I have a solr index where certain facet fields should only contain one
or more items from a limited list of values. To enforce this
restriction at index time I have been looking at using a
KeepWordFilterFactory. It seems it ought to work as I have it
implamented, and actually seems to work when tested through the admin
analysis page, but when I index a document with that filter in place
values that ought to be filtered out aren't. (I am running the solr 1.4
release)
I've added a new field type in schema.xml:
<fieldType name="formatFacet" class="solr.StrField"
sortMissingLast="true" omitNorms="true">
<analyzer type="index">
<tokenizer class="solr.KeywordTokenizerFactory"/>
<filter class="solr.KeepWordFilterFactory"
words="format_facet.txt" ignoreCase="false" />
</analyzer>
</fieldType>
placed a file format_facet.txt in the conf directory containing:
Book
Online
Microform
Journal/Magazine
Musical Score
Musical Recording
Thesis/Dissertation
Video
Streaming Video
Software/Multimedia
Photographs
Cassette
referenced this new field type with a field declaration in schema.xml
<field name="format_facet" type="formatFacet" indexed="true"
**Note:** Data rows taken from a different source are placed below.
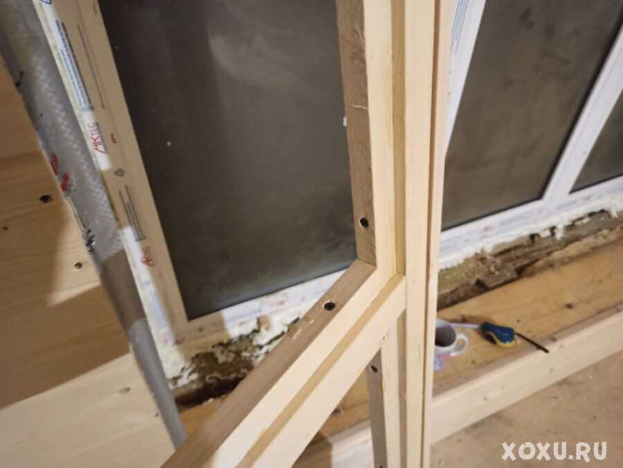 Далее фанера размечается, и прикручивается. Края также пенятся к прилегающим брускам. То есть, фанера вставляется внутрь рамок: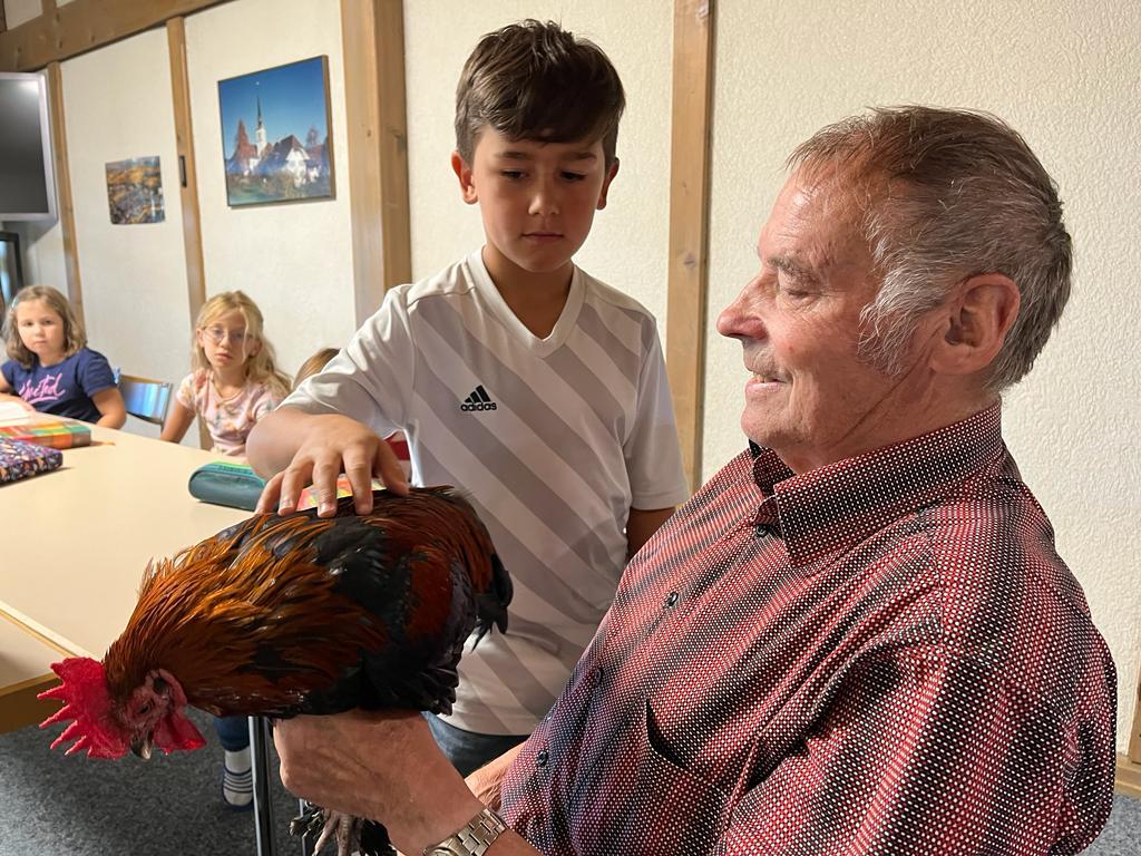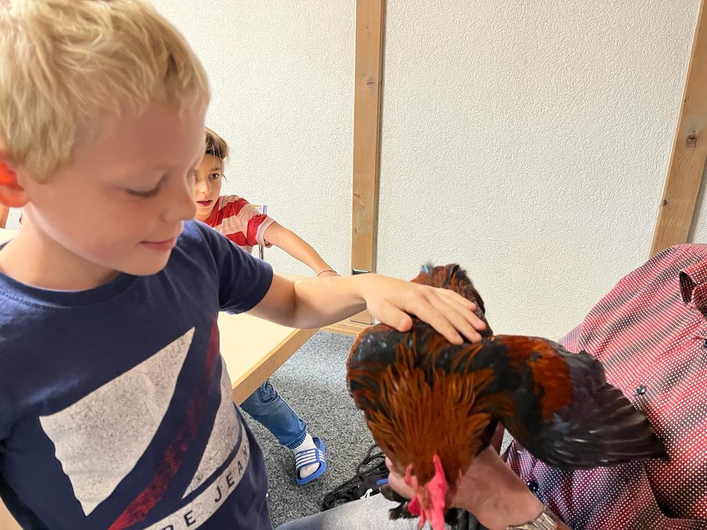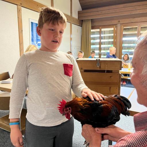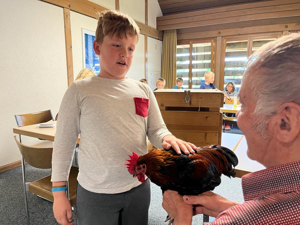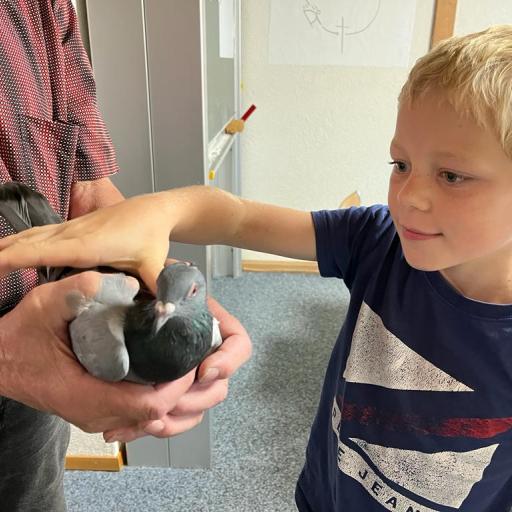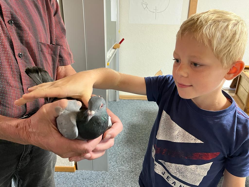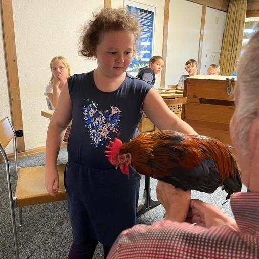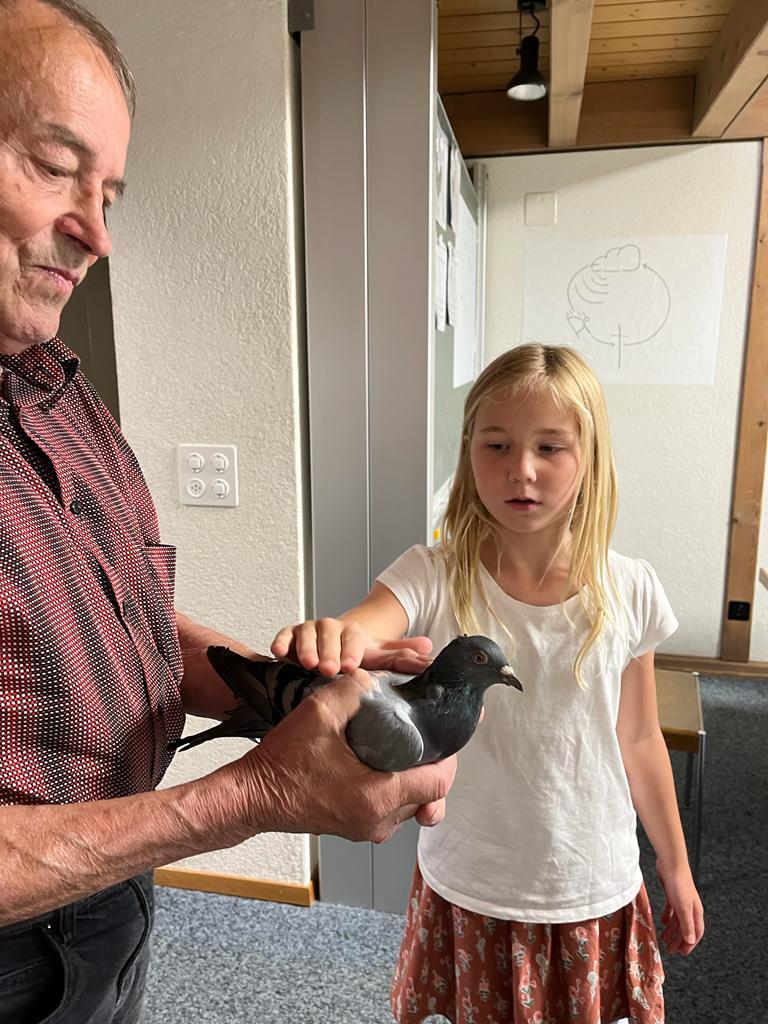 Während dem BibelFEST theologisierten wir, warum wohl Simon Petrus, Jesus dreimal verleugnet hat und stellten uns die Frage: Ob auch wir schon geleugnet haben und weshalb wir Menschen leugnen? Wir betrachteten und diskutierten über den Heiligen Geist. Spürt man diesen und sieht man den Heiligen Geist? Ist er ein Bote wie eine Taube? Der Besuch eines Hahnes (Zwerg Marans) und einer Taube (Blaue Schweizer Brieftaube) rundete die heutige KUW ab. Herr Peter Müller, Landwirt, hat uns die beiden Tiere wunderbar präsentiert.
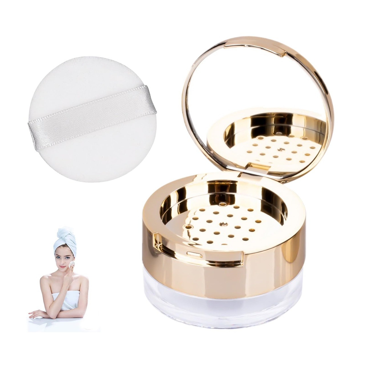 TVETE パウダーケース ミニ 携帯 コンパクトパウダーケース 蓋付き 【6g】 金色 ミニ パフ付き 鏡付き ミラー付き フェイスパウダー ケース ルースパウダー ケース ゴールデンシェル 小さく パウダー容器 旅行 小分け 携帯便利 | kor Cat*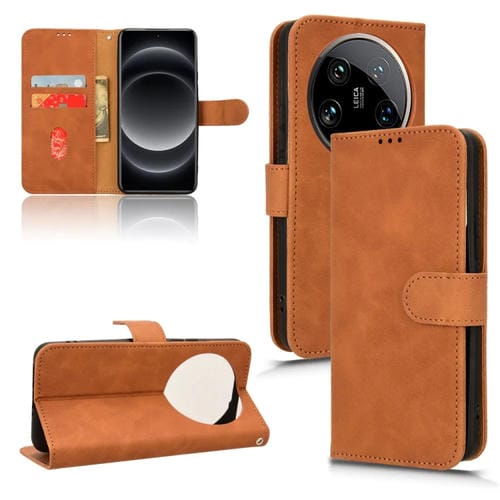 Para Xiaomi 14 Ultra Skin Feel Funda De Teléfono De Cuero Con Tapa Magnética (Marrón)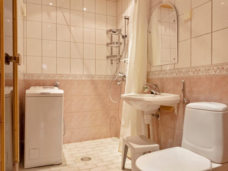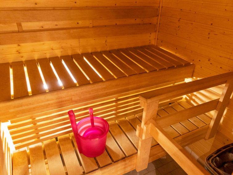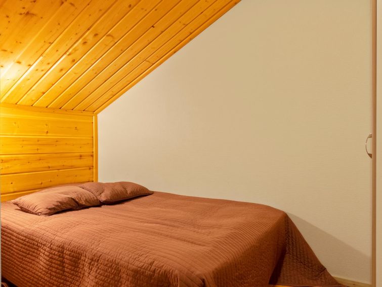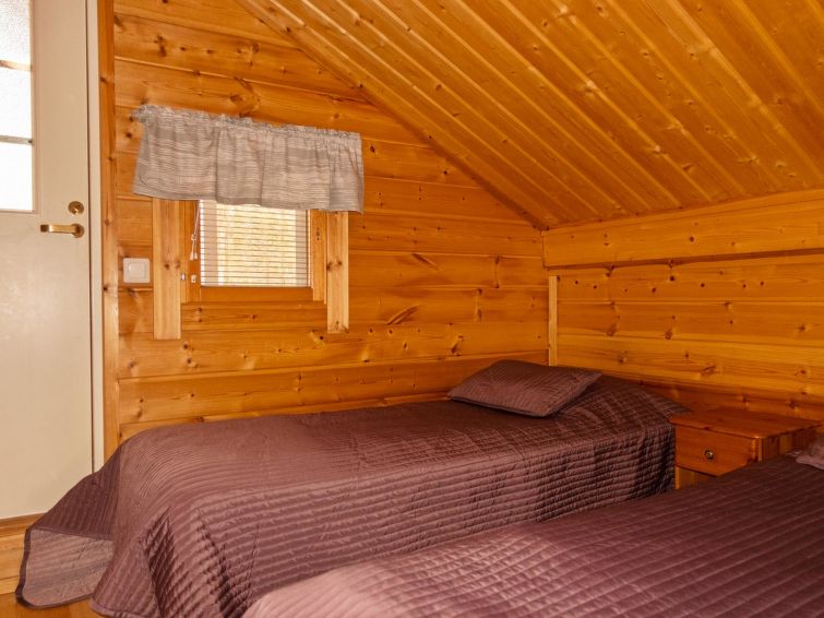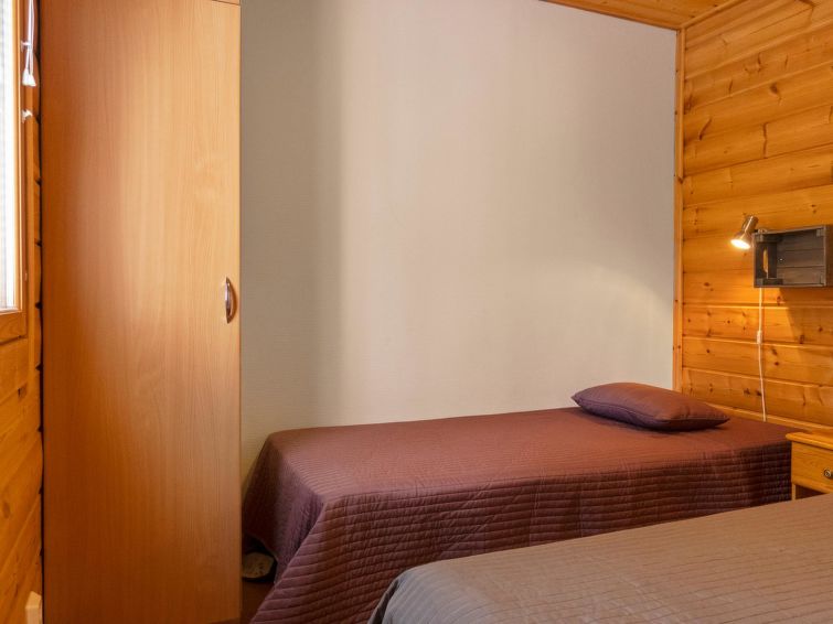 Two storey apartment; on the ground floor kitchen-living room, bedroom with 2 single beds, sauna (electric stove), shower room / wc. Upstairs bedroom with 2 single beds, one bedroom with one bed (width 120 cm) Note! This bedroom doesn't have a door at all, a loft with 2 mattresses, balcony.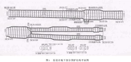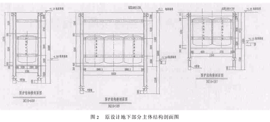 原设计地下部分围护结构平面图如图1,剖面图如图2。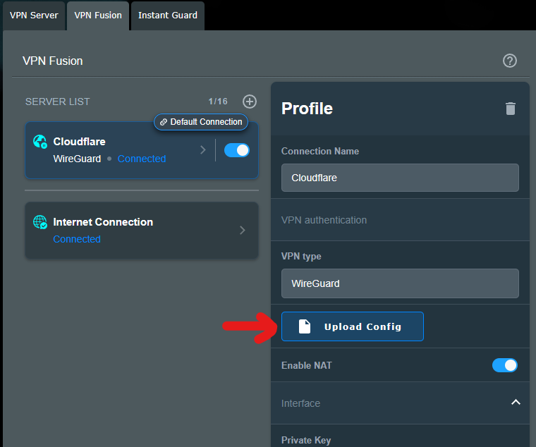 You don’t need to know that much detail. When we import the configuration file (such as wgcf-profile.conf), it doesn’t import correctly and doesn’t work properly, Asus just needs to be aware of this.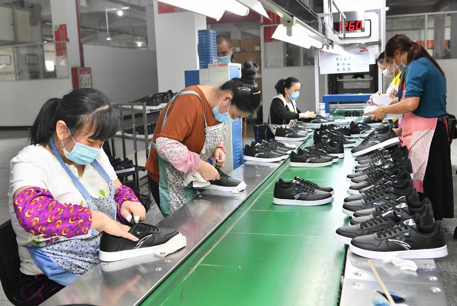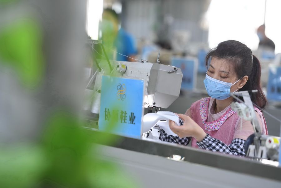 A woman works in a workshop of Hsieh Shun Footwear Co., Ltd. in Putian, southeast China's Fujian Province, May 7, 2020. (Xinhua/Lin Shanchuan)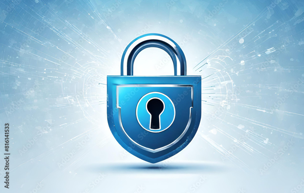• #816141533 Security data online Iot technology concept, blue lock symbol digital illustration, Modern Holographic Padlock for Cybersecurity Technology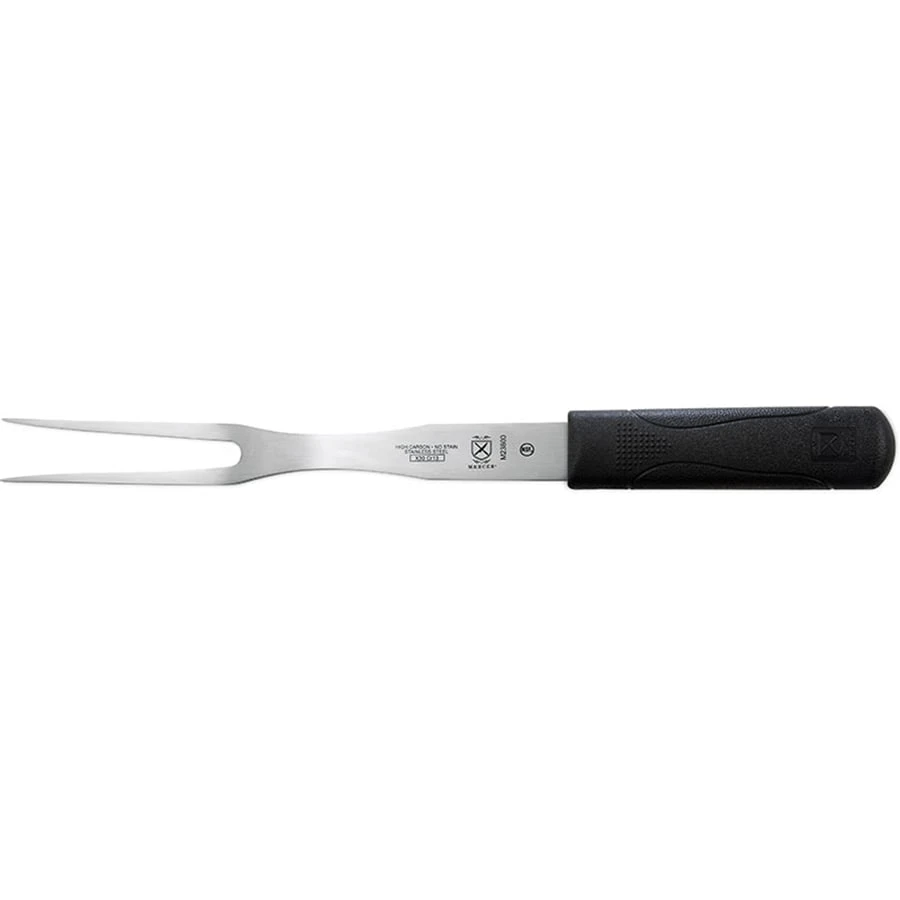 This Mercer Culinary® Millennia® Fork is great for holding food in place while slicing. It is made from high carbon Japanese steel and has a black ergonomic handle for comfort during use.

stored="true" multiValued="true" />
also have this dynamic field, but this seems irrelevant:
<dynamicField name="*_facet" type="string" indexed="true"
stored="true" multiValued="true" omitNorms="true" />
restarted the jetty server running the solr server.
and submitted a solr add document containing
format_facet=format_facet(1.0)={[Video, Streaming Video, Online,
Gooberhead, Book of the Month]}
Of these values only Video, Streaming Video and Online ought to end up
in the index, however all five values end up as format_facet values for
the solr item in question.
<arr name="format_facet">
<str>Video</str>
<str>Streaming Video</str>
<str>Online</str>
<str>Gooberhead</str>
<str>Book of the Month</str>
</arr>
I must be missing something fairly basic, since this doesn't seem
especially complicated.
Thanks in advance for any assistance,
-Bob Haschart